Sunday, October 18, 2015

The Changing Culture of Marriage in Uzbekistan

wedding party (before wedding) heading to photo opp
 Most marriages in Uzbekistan are still arranged by the couple’s parents.  Everyone in our generation and at least one generation younger said their marriages were arranged and that they expected to do the same for their children.  But, it’s not entirely like that anymore.

Uzbek couple out for photos in traditional dress
One Uzbek couple we talked to in Osh said their impending marriage was a “love story”, meaning, of course, that they had fallen in loved and decided to marry.  No doubt their families did some checking on each other before agreeing, but the couple had known each other for some time and made their own decision about getting married.

We talked to our guide in Khiva at length.  He is 29 years old and unmarried, very unusual in Uzbekistan where the groom is usually in his early 20’s and the bride perhaps as young as 16 or 17.  He said his parents had already found several girls for him to consider (they get to consider him as well) and that he would probably meet each of them briefly before agreeing to marry one of them.  If he’s lucky, he’ll have several chances to talk to the girl without too much supervision (as in sitting next to her with family around them).  He also said that if he met a girl and fell in love with her, it could be a problem for the girl and her family because she may already secretly have been promised to someone else.

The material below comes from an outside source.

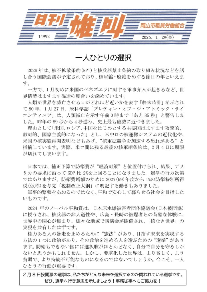 「地域住民の幸せなくして 自治体労働者の幸福はない」市民のために職員が活き活きと働いていけるよう、岡山市職員労働組合は日々さまざまな取り組みを行っています。
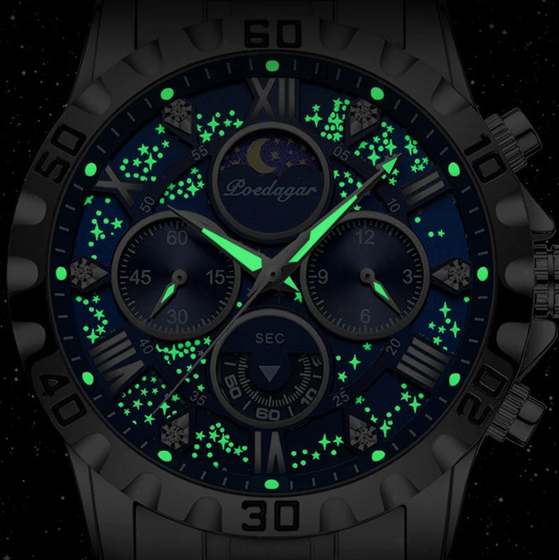 פונקציות: תצוגת שלבי ירח, אזור זמן כפול, מחוגים זוהרים בחושך וכרונוגרף מדויק.

All over Uzbekistan, we have seen betrothed couples posing for photos and videos.  In the Fergana Valley, they asked us to join them in a photo.  A very new tradition has started in which couples and their families are photographed and videotaped by famous monuments or mosques, sometimes traveling all over the country over a period of weeks to get all the photos their families think they should have in their albums.
wedding couple with paparazzi at the Registan, Samarkand


Our guide in Bukhara told us this was really disrupting their culture.  In the past, a couple might meet once or twice to evaluate each other, but at some distance and with family.  Now that the photos and videos are such an important part of getting married, the couples must spend a lot of time together before the wedding getting all these photos taken at all the right places.  We were fascinated by how quickly the technology of digital photography and video was changing a deeply rooted tradition.

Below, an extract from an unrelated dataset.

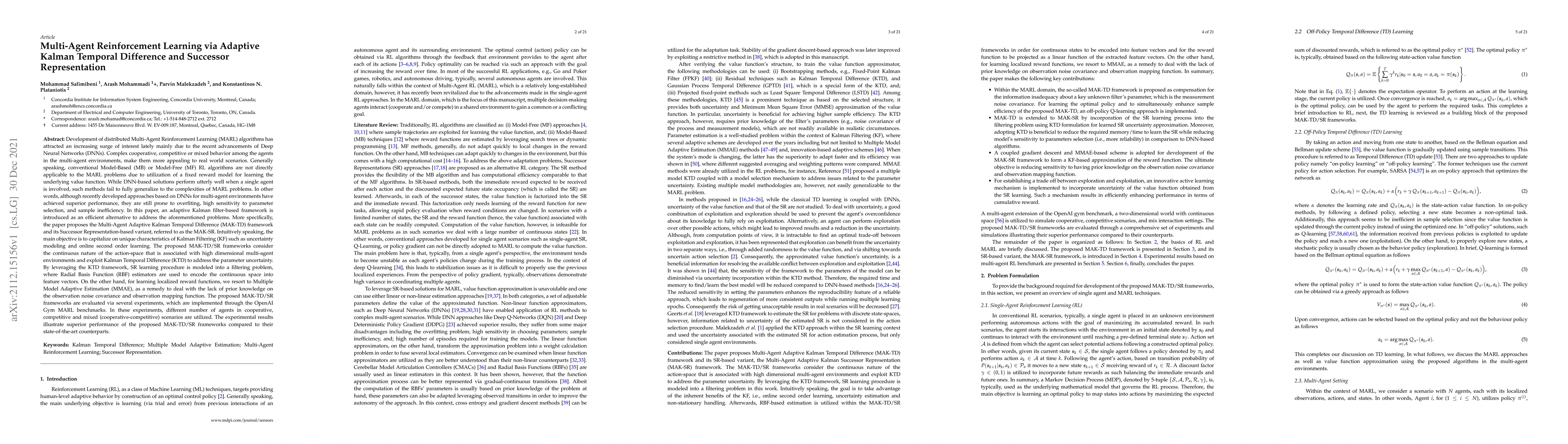 Distributed Multi-Agent Reinforcement Learning (MARL) algorithms has attracted a surge of interest lately mainly due to the recent advancements of Deep Neural Networks (DNNs). Conventional Model-Based (MB) or Model-Free (MF) RL algorithms are not directly applicable to the MARL problems due to utilization of a fixed reward model for learning the underlying value function. While DNN-based solutions perform utterly well when a single agent is involved, such methods fail to fully generalize to the complexities of MARL problems. In other words, although recently developed approaches based on DNNs for multi-agent environments have achieved superior performance, they are still prone to overfiting, high sensitivity to parameter selection, and sample inefficiency. The paper proposes the Multi-Agent Adaptive Kalman Temporal Difference (MAK-TD) framework and its Successor Representation-based variant, referred to as the MAK-SR. Intuitively speaking, the main objective is to capitalize on unique characteristics of Kalman Filtering (KF) such as uncertainty modeling and online second order learning. The proposed MAK-TD/SR frameworks consider the continuous nature of the action-space that is associated with high dimensional multi-agent environments and exploit Kalman Temporal Difference (KTD) to address the parameter uncertainty. By leveraging the KTD framework, SR learning procedure is modeled into a filtering problem, where Radial Basis Function (RBF) estimators are used to encode the continuous space into feature vectors. On the other hand, for learning localized reward functions, we resort to Multiple Model Adaptive Estimation (MMAE), to deal with the lack of prior knowledge on the observation noise covariance and observation mapping function. The proposed MAK-TD/SR frameworks are evaluated via several experiments, which are implemented through the OpenAI Gym MARL benchmarks.

Now, more couples are making their own decisions about marriage, she told us, with some considerable distress.  She would like to find a middle ground that still honors the tradition of arranged marriages but lets the couple do all the photo shoots they want before the wedding.  Not sure how all this will take place, particularly now that young people go to schools and universities together and work in the same places.
very sad young couple posing for photos
 But, clearly, most couples still do not choose their mates and many are unhappy about their impending marriages, as this very sad couple we saw posing for their pre-wedding photos at the Summer Palace in Bukhara.

bride and groom with attendants getting photographed
Incidentally, our Bukhara guide said both her sons picked their own wives.  She was extremely unhappy about that and fought both marriages bitterly, she said, despite her husband's warnings to drop the issue.  Both daughters-in-law live with her, one with 2 children, the other with a baby on the way.  She said she fought with her first daughter-in-law all the time when she first married her son, but has learned to let her make her own decisions and keep quiet.  She has had fewer problems with her second daughter-in-law, who is more compliant.  Our guide is a very highly educated woman who is also very religious, though she dresses in western clothes.  She said the changes in culture are hard for her, but she is learning to adapt because she has to.

bride (2nd from right) and sisters-in-law in Timur's tomb
It is also customary for new brides to go out with their sisters, sisters-in-law, brothers-in-law and usually their husbands in a new glistening dress every day for 35 days after their weddings.  One new bride we met in Timur's tomb has lived in the U.S. for 6 years and said she was very uncomfortable in all her sequins and baubles.  She was used to jeans and T-shirts.  But, she looked beautiful even in her discomfort.